AIM OF THE TASK
Wherever a picture appears in the listing below, leave it out and reproduce the rest exactly.

*** GIVEN MATERIAL Section Begins ***

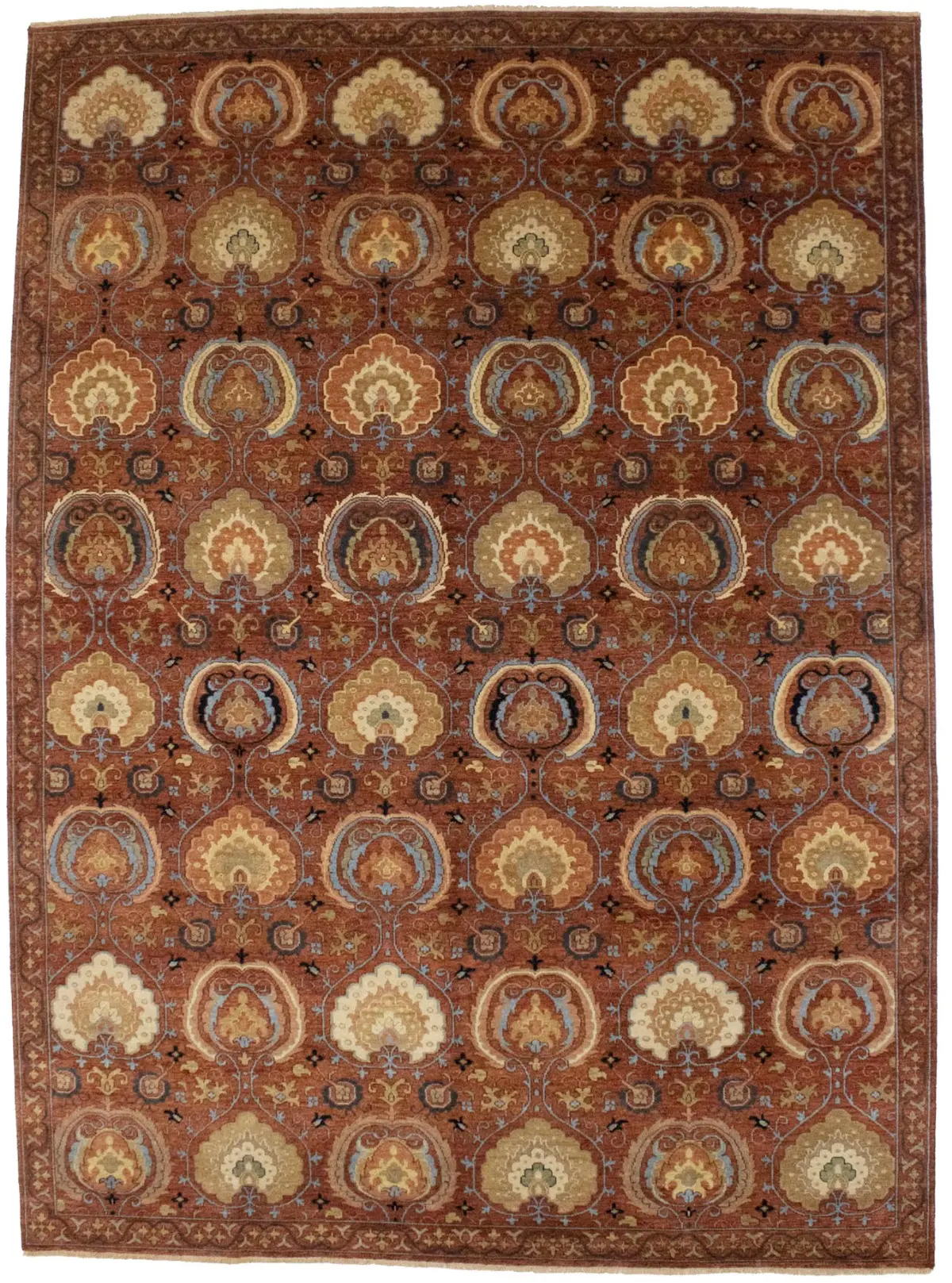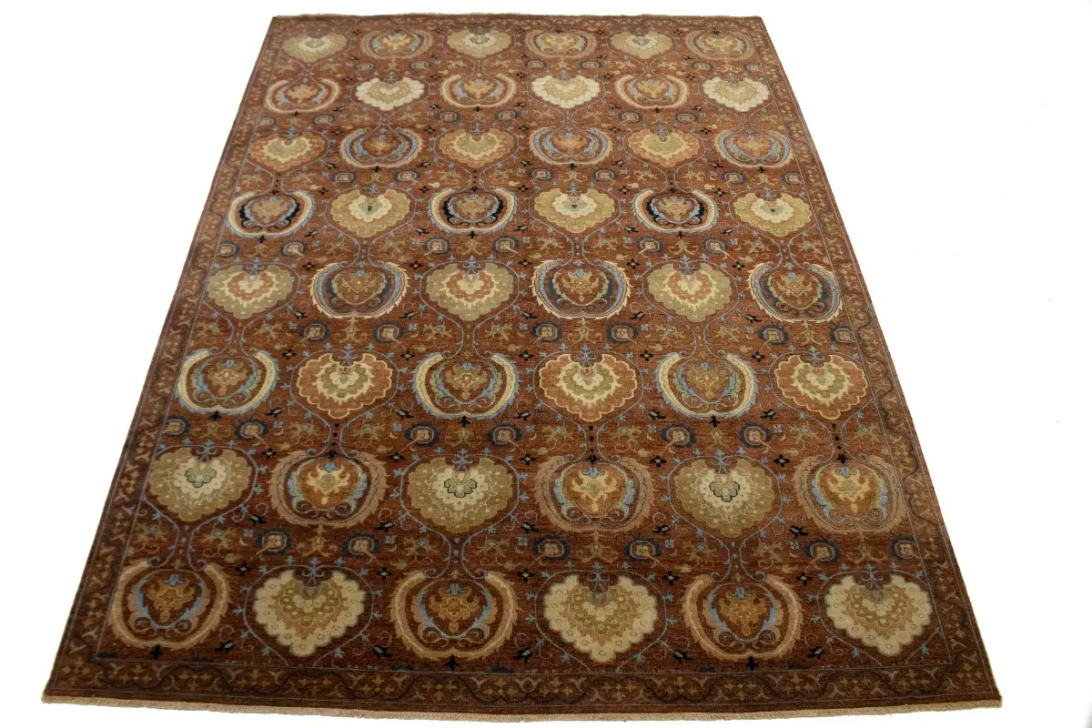 Handmade 9X12'6 brown oriental rug made with vegetable dyes (fine wool pile and cotton foundation), superior knot count, and appealing ancient designs. This Oriental rug never will go out of style and would be among your most valuable treasures.
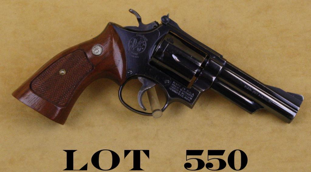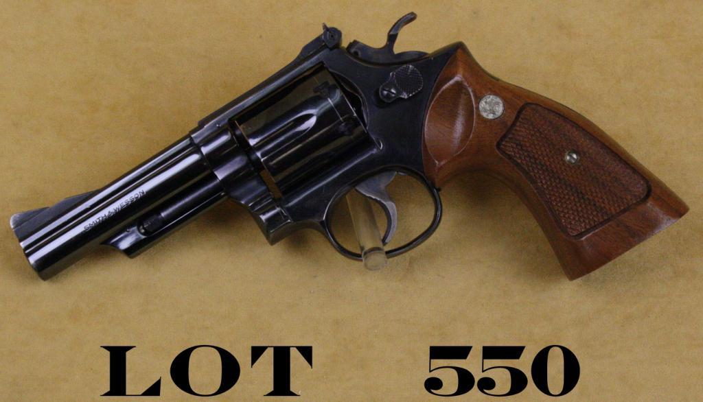 Smith & Wesson Model 19-3 DA revolver, .357 Magnum caliber, 4” barrel, blue finish, target hammer and trigger, combat checkered medallion wood grips, #7K62759. This gun is in overall very good condition showingapprox. 97% original blue finish with muzzle and high point wear; very good bore, action and markings; grips are also very good. Est.: $200-$300.
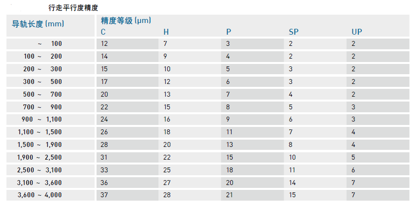 HDS2滾輪導(dǎo)軌分為兩種精度等級:普通級C(commercial)和精密級P(precision), 精度指標(biāo)如下:

*** GIVEN MATERIAL Section Ends ***

ANSWER SECTION
 Handmade 9X12'6 brown oriental rug made with vegetable dyes (fine wool pile and cotton foundation), superior knot count, and appealing ancient designs. This Oriental rug never will go out of style and would be among your most valuable treasures.
 Smith & Wesson Model 19-3 DA revolver, .357 Magnum caliber, 4” barrel, blue finish, target hammer and trigger, combat checkered medallion wood grips, #7K62759. This gun is in overall very good condition showingapprox. 97% original blue finish with muzzle and high point wear; very good bore, action and markings; grips are also very good. Est.: $200-$300.
 HDS2滾輪導(dǎo)軌分為兩種精度等級:普通級C(commercial)和精密級P(precision), 精度指標(biāo)如下:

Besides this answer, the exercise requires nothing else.